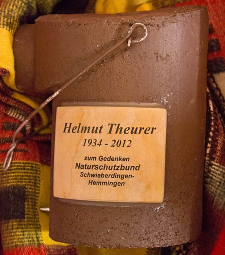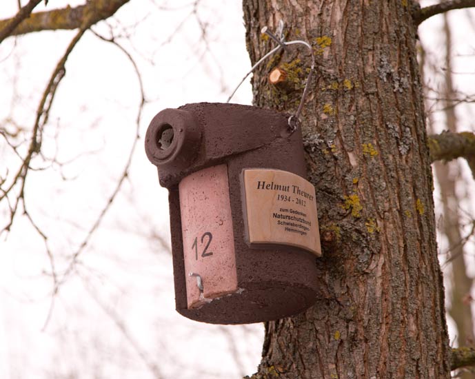 Gedenknistkasten zu Ehren von Helmut Theurer. Ildiko Preuse hatte diese schöne Idee. Das Münchinger Tal war das persönliche Nistkastengebiet von Helmut Theurer. Günter Krämer hat beim Steinmetz Hr. Stein diese schöne Platte machen lassen. |
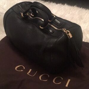 Luxurious black leather bag by Gucci. Sleek design with gold accents. Cute bag for shopping or on the go
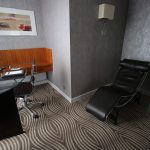 Prostokątny salon był podzielony optycznie na część biurową z biurkiem, krzesłem i szezlongiem oraz wypoczynkową z kanapą, fotelami, stolikiem kawowym oraz minimum 50” telewizorem. Wzdłuż dłuższej ściany umiejscowione były duże okna, dzięki czemu pokój był dobrze doświetlony. Absolutnym plusem tego niewątpliwie wygodnego pokoju jest fakt, że posiadał widok na Gendarmenmarkt i Katedrę niemiecka. Warto również wspomnieć, że w salonie znajdował się minibar, którego zawartość była ujęta w cenie apartamentu.
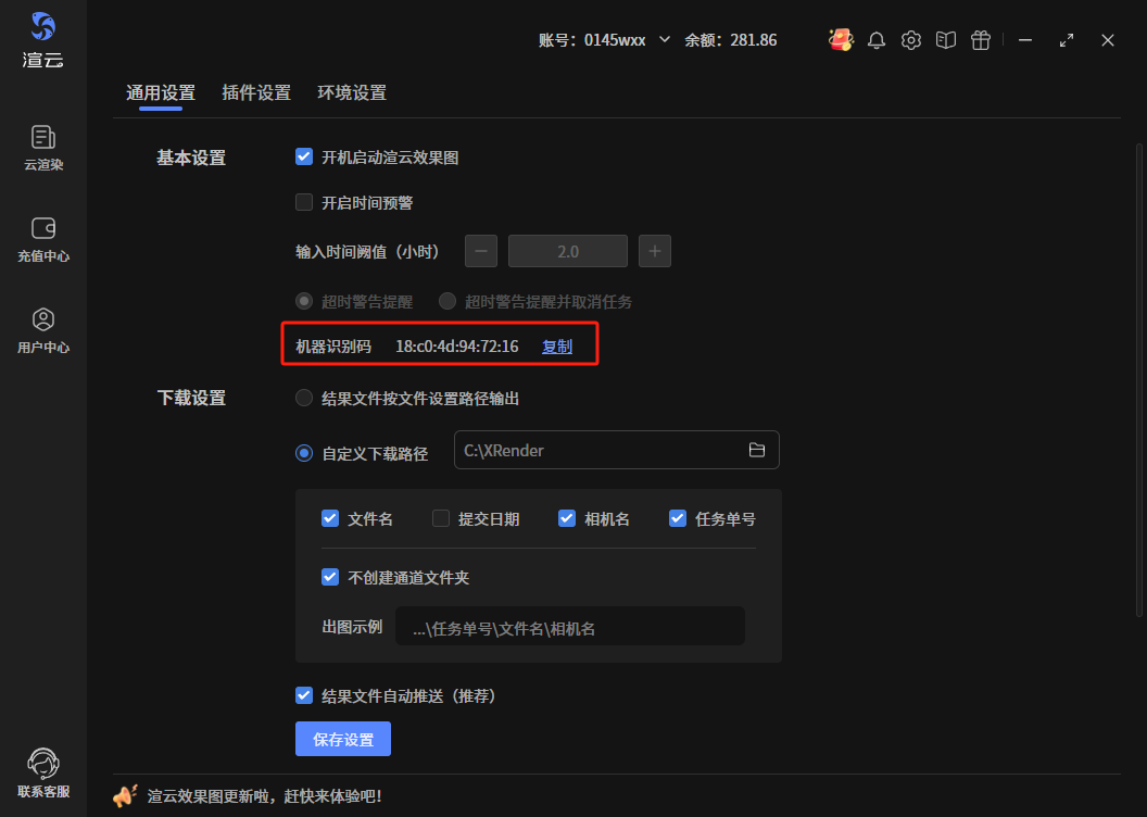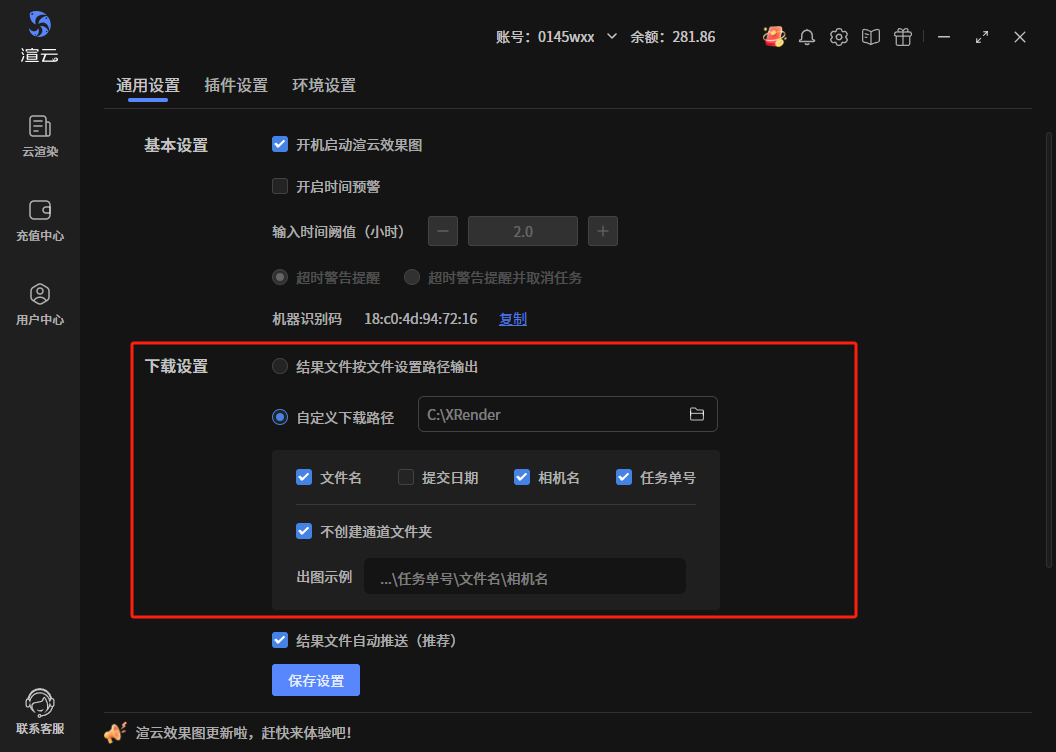 - 自定义下载路径:默认下载在C:\Xrender路径下,每个任务会以任务单号\文件名\相机名的结构出图,有通道默认不创建通道文件夹。用户可根据自己的需求去修改设置项。“文件名”、“提交日期”、“相机名”、“任务单号”四个配置项是按启用顺序觉得目录结构,先勾选的在前面,后勾选的在后面。搞不清楚的,可看出图示例
+ + + + +
Requirement: The lines to copy run from the line containing "Luxurious black leather" through the end of the data above; copy exactly those, minus the pictures.

Response below:
 Luxurious black leather bag by Gucci. Sleek design with gold accents. Cute bag for shopping or on the go
 Prostokątny salon był podzielony optycznie na część biurową z biurkiem, krzesłem i szezlongiem oraz wypoczynkową z kanapą, fotelami, stolikiem kawowym oraz minimum 50” telewizorem. Wzdłuż dłuższej ściany umiejscowione były duże okna, dzięki czemu pokój był dobrze doświetlony. Absolutnym plusem tego niewątpliwie wygodnego pokoju jest fakt, że posiadał widok na Gendarmenmarkt i Katedrę niemiecka. Warto również wspomnieć, że w salonie znajdował się minibar, którego zawartość była ujęta w cenie apartamentu.
 - 自定义下载路径:默认下载在C:\Xrender路径下,每个任务会以任务单号\文件名\相机名的结构出图,有通道默认不创建通道文件夹。用户可根据自己的需求去修改设置项。“文件名”、“提交日期”、“相机名”、“任务单号”四个配置项是按启用顺序觉得目录结构,先勾选的在前面,后勾选的在后面。搞不清楚的,可看出图示例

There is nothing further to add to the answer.